On March 17, Muddy Waters Research released a report entitled “SOFI: A Financial Engineering Treadmill Leaving Management Fat, Shareholders the Biggest Loser.” The research firm claimed that SoFi engaged in share dilution to facilitate management bonus achievement and improperly classified borrowing proceeds as revenue.
The company wasted no time responding, dismissing the allegations as “factually inaccurate and misleading” while indicating it might pursue legal remedies.
CEO Anthony Noto backed up his words with action. SEC filings reveal he acquired approximately $500,000 worth of SOFI shares in the immediate aftermath of the report’s release.
Shares experienced minor pullbacks throughout the week, though no single-day decline exceeded 1.5%. By Monday’s trading session, SOFI had climbed 2.2%.
The JPMorgan Transaction Controversy
A significant portion of the controversy revolves around a $312 million deal involving JPMorgan Chase. Muddy Waters characterized this as an undisclosed borrowing arrangement — representing a substantial misstatement absent from SoFi’s balance sheet documentation.
SoFi’s rebuttal was unequivocal. “This is simply wrong,” stated a source familiar with the matter. “The $312 million loan with JPMorgan Chase was a loan sale, not a borrowing, as the report falsely claims.”
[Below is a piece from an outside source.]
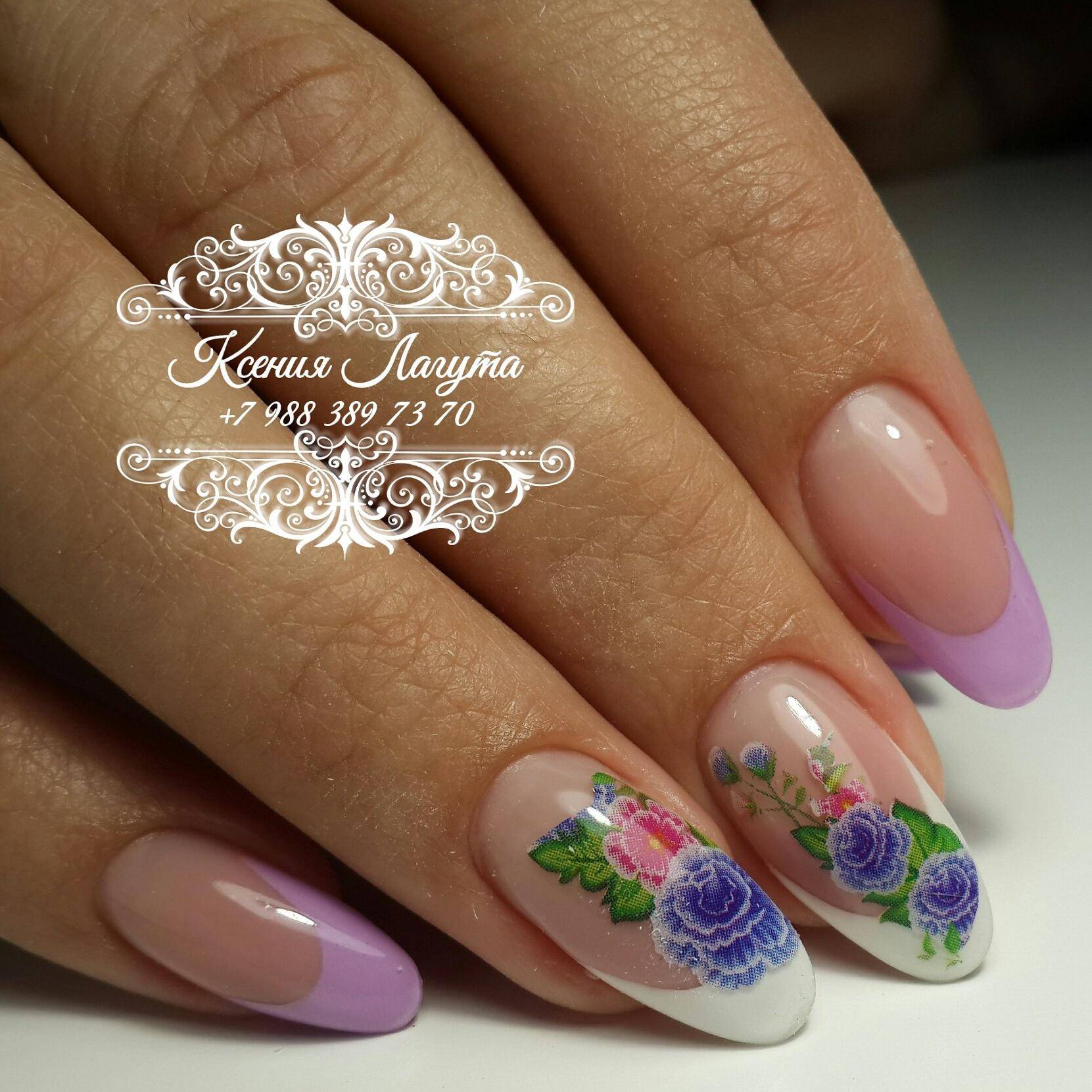 1. Предварительно покупаете специальные наклейки. Наносите на ногти лак фонового цвета, приклеиваете выбранный рисунок и ваш маникюр готов!
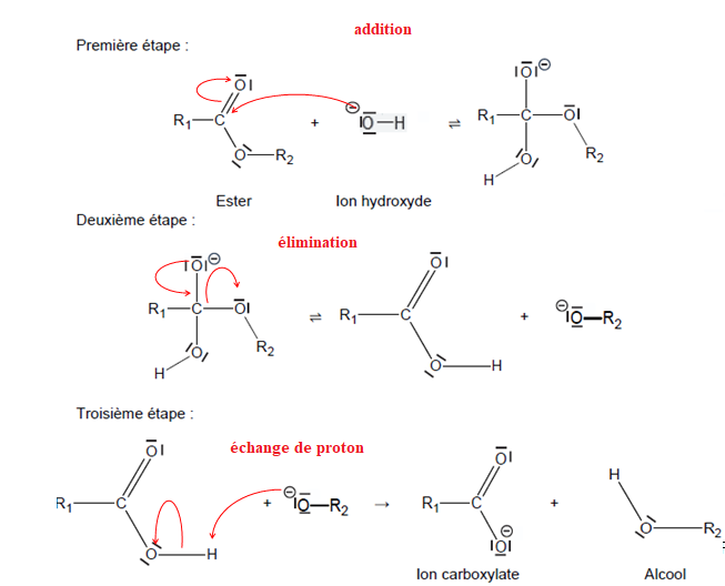 et un ion hydroxyde OH–. Le mécanisme de cette réaction se décompose en trois étapes présentées ci-dessous, où R1 et R2 représentent des chaînes carbonées :

Dan Dolev, a Mizuho analyst, supported SoFi’s position. He referenced SoFi’s third-quarter 2024 earnings discussion, during which the CFO explicitly described the company’s sale of $312 million in senior secured loans at par value. The Q3 10-Q filing likewise documents a secured loan disposition at par throughout that timeframe.
Dolev emphasized that as a regulated banking institution, SoFi must obtain a “true sale opinion” for any such transaction, noting that the accounting standards are explicitly detailed in SoFi’s 10-K submissions under Variable Interest Entities and Transfers of Financial Assets sections.
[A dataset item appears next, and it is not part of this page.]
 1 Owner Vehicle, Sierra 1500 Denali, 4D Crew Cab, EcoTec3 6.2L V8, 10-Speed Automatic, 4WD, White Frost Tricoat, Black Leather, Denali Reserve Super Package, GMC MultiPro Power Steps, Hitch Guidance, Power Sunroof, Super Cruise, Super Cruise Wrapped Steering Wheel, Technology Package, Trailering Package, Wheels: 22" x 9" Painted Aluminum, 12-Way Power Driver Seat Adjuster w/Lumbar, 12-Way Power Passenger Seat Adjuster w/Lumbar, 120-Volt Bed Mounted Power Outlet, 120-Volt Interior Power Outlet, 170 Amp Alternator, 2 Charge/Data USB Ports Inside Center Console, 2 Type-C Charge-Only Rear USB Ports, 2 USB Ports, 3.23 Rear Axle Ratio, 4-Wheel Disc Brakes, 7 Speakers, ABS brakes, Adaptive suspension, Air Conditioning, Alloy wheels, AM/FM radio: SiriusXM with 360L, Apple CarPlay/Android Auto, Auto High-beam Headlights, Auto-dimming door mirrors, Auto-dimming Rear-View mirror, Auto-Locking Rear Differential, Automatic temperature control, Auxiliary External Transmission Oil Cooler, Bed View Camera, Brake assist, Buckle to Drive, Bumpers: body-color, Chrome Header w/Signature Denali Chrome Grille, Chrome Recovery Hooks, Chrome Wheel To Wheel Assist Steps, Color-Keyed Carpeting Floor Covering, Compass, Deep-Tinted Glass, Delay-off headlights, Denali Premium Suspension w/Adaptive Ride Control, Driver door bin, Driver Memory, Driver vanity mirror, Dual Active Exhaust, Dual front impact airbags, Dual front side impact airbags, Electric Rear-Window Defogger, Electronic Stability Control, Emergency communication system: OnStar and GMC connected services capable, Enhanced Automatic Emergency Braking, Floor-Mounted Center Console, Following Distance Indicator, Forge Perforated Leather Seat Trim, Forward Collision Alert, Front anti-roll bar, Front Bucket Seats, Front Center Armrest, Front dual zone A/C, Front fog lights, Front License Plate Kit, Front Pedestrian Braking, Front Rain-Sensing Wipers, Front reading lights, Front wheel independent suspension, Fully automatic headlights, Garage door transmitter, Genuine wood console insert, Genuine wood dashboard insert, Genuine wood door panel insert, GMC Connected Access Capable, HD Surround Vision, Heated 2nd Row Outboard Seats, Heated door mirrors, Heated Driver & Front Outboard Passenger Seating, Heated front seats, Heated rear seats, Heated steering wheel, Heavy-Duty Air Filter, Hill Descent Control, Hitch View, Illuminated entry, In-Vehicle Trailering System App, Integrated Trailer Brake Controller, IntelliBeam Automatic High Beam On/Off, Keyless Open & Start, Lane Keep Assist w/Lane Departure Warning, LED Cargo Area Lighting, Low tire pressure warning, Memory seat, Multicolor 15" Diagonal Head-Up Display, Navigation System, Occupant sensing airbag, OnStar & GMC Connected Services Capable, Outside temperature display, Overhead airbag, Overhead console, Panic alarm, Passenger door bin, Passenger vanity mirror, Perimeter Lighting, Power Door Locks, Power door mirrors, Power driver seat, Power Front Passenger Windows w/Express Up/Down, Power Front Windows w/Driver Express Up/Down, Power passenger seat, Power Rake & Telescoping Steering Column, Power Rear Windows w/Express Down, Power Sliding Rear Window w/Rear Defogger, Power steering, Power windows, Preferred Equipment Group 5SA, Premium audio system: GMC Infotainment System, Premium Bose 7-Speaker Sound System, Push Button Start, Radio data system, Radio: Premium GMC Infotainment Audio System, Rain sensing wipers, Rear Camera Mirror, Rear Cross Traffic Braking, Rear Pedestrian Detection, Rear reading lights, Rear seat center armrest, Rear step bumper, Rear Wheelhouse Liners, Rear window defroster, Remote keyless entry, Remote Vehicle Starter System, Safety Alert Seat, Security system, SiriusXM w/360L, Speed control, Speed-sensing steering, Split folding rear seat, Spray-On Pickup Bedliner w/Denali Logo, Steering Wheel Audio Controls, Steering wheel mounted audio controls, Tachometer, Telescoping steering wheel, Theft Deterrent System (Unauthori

Charge-Off Calculations and Discount Rate Methodology
Muddy Waters challenged SoFi’s reported personal loan charge-off figures, computing the rate at approximately 6.1% compared to SoFi’s disclosed 2.89%. The firm suggested SoFi artificially lowers this metric by removing loans approaching the charge-off threshold.
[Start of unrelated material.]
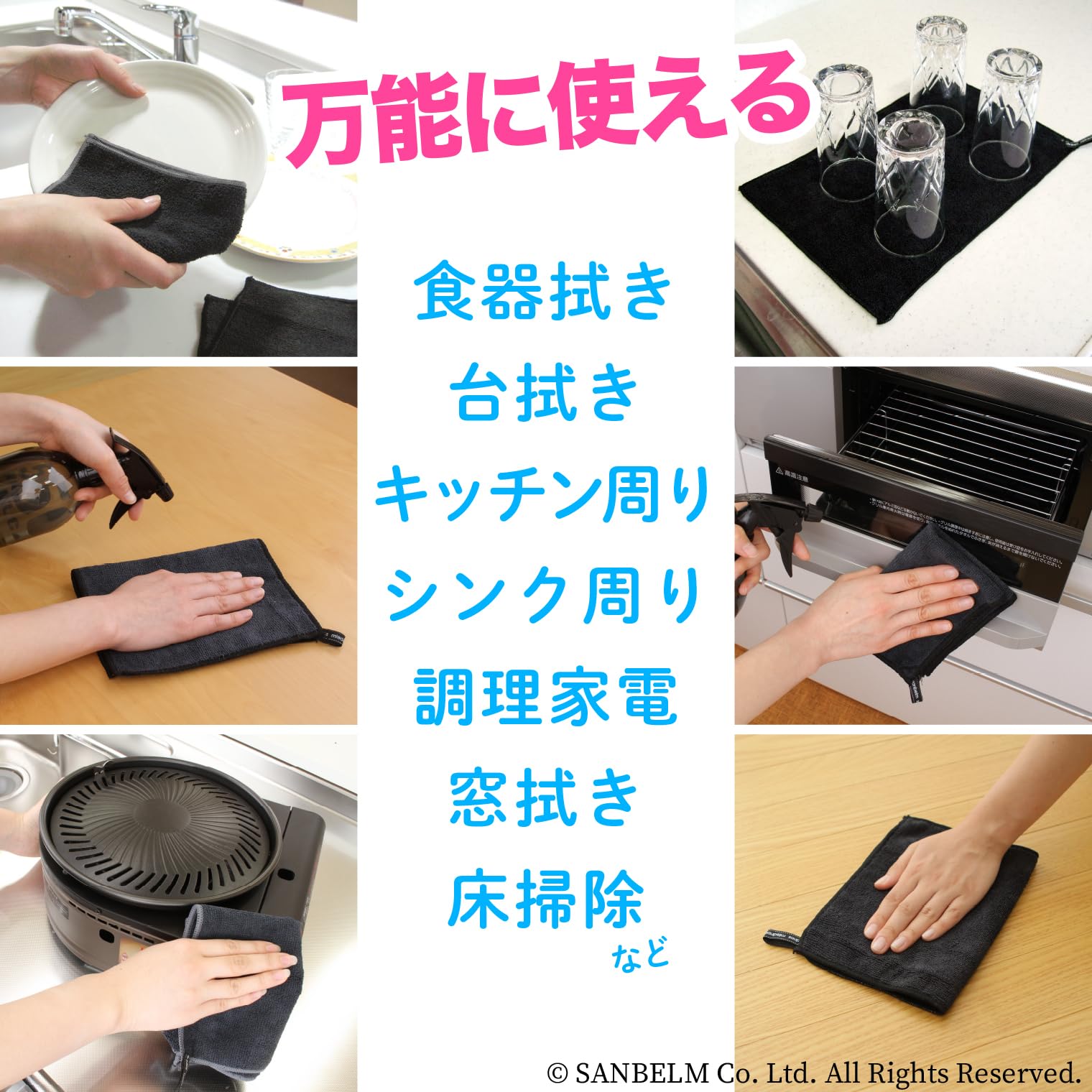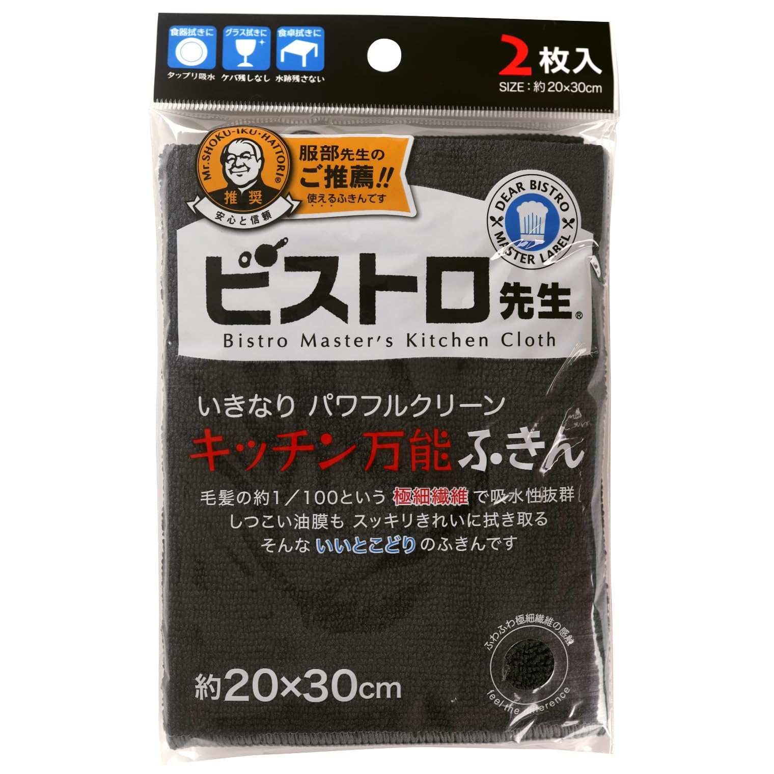 サンベルム(Sanbelm) マイクロファイバー ビストロ先生 キッチン 万能ふきん 2枚入 ブラック

Dolev rejected this interpretation. He highlighted management’s transparent disclosure of a 4.4% rate after excluding $90 million in severely delinquent personal loans. Applying Fitch’s cumulative gross loss methodology, he calculated approximately 4.2% — substantially closer to management’s reported numbers than Muddy Waters’ estimate.
Regarding student loan discount rates, Muddy Waters contended SoFi employed a rate beneath the 10-year Treasury yield. Dolev explained that given SoFi’s student loan portfolio has a weighted-average maturity of roughly four years, the four-year SOFR rate serves as the proper comparison — not the 10-year Treasury benchmark.
Muddy Waters escalated their concerns over the weekend, asserting that SoFi’s investor relations department failed to acknowledge four subsequent emails containing accounting inquiries following an initial February 6 conversation. A fifth attempt elicited a response from SoFi’s general counsel, requesting identity verification without addressing the substantive questions.
“SOFI’s silence in response to our questions and report, in our view, affirms our conclusions,” Muddy Waters stated.
Following the exchange, Mizuho’s Dolev upheld his Outperform rating alongside a $38 price objective for SoFi.
Analyst Dan Dolev from Mizuho observed that many concerns raised by Muddy Waters represented information already available to market participants prior to the report’s publication.